Task objective:
Starting at the line containing "昼過ぎにでて、休憩しながら下" and ending at the line containing "三響ミュージックスクール講師", transcribe the listing below exactly. Keep both end lines, skip the pictures, and copy nothing else.

Dataset records:
--

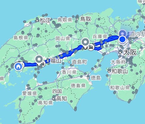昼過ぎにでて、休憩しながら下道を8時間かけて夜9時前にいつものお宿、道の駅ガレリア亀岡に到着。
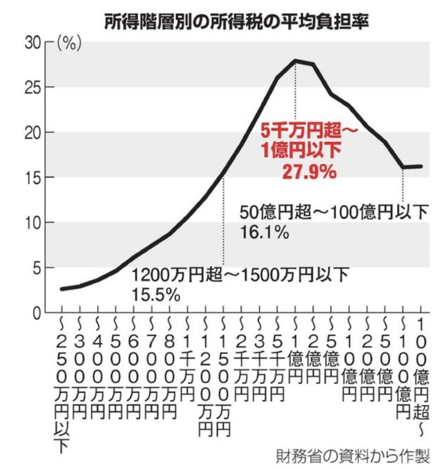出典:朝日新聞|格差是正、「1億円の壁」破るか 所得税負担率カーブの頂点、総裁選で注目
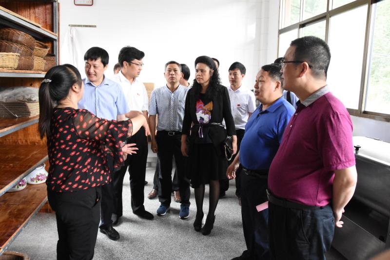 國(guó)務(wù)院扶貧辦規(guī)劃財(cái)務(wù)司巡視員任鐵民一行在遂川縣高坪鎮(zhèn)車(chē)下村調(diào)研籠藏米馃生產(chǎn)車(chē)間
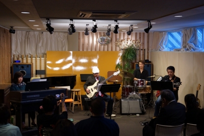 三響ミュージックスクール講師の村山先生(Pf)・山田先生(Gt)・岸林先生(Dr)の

--

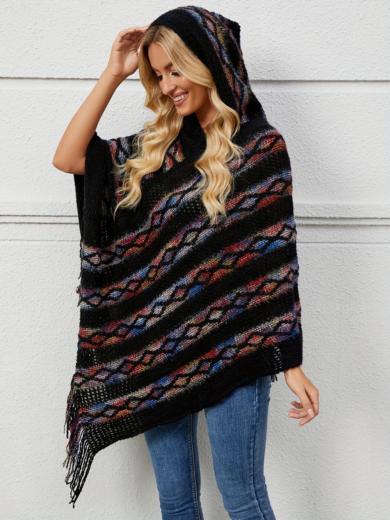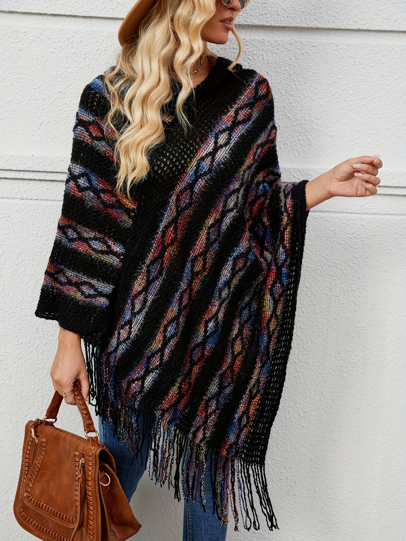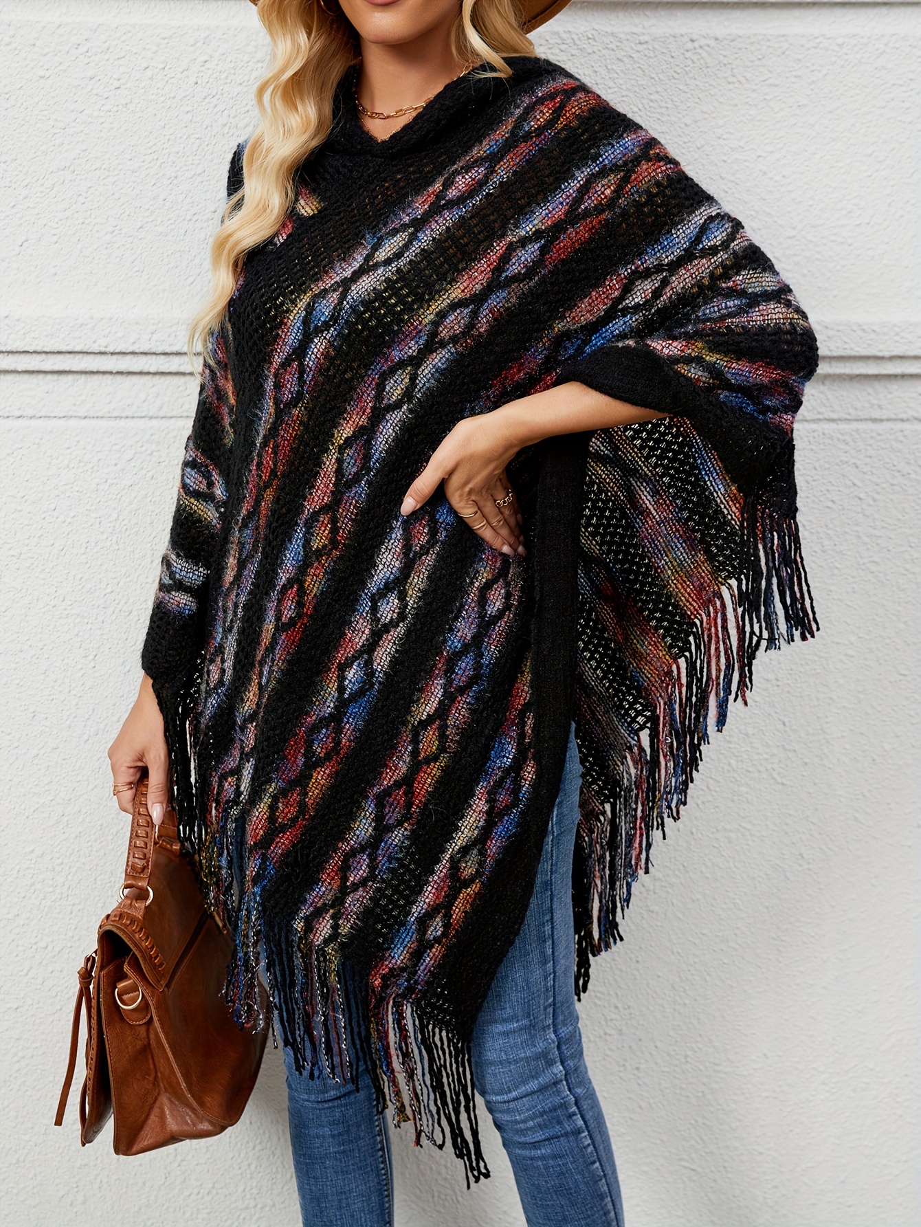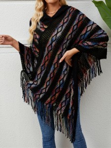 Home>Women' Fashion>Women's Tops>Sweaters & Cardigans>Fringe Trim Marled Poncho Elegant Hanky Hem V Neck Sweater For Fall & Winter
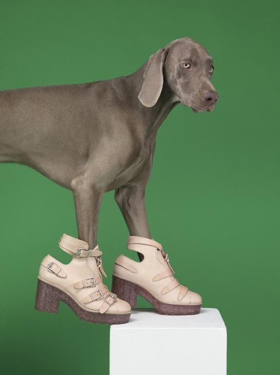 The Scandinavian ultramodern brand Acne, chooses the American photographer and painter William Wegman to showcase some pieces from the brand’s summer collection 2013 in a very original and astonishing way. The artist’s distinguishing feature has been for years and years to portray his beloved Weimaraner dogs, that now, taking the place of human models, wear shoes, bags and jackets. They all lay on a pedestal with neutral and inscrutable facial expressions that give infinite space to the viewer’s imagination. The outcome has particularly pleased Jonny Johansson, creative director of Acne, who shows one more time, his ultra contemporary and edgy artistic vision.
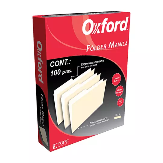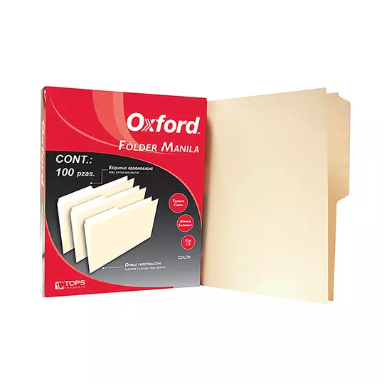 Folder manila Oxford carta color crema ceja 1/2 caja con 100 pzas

--

Response to the task:
昼過ぎにでて、休憩しながら下道を8時間かけて夜9時前にいつものお宿、道の駅ガレリア亀岡に到着。
出典:朝日新聞|格差是正、「1億円の壁」破るか 所得税負担率カーブの頂点、総裁選で注目
 國(guó)務(wù)院扶貧辦規(guī)劃財(cái)務(wù)司巡視員任鐵民一行在遂川縣高坪鎮(zhèn)車(chē)下村調(diào)研籠藏米馃生產(chǎn)車(chē)間
 三響ミュージックスクール講師の村山先生(Pf)・山田先生(Gt)・岸林先生(Dr)の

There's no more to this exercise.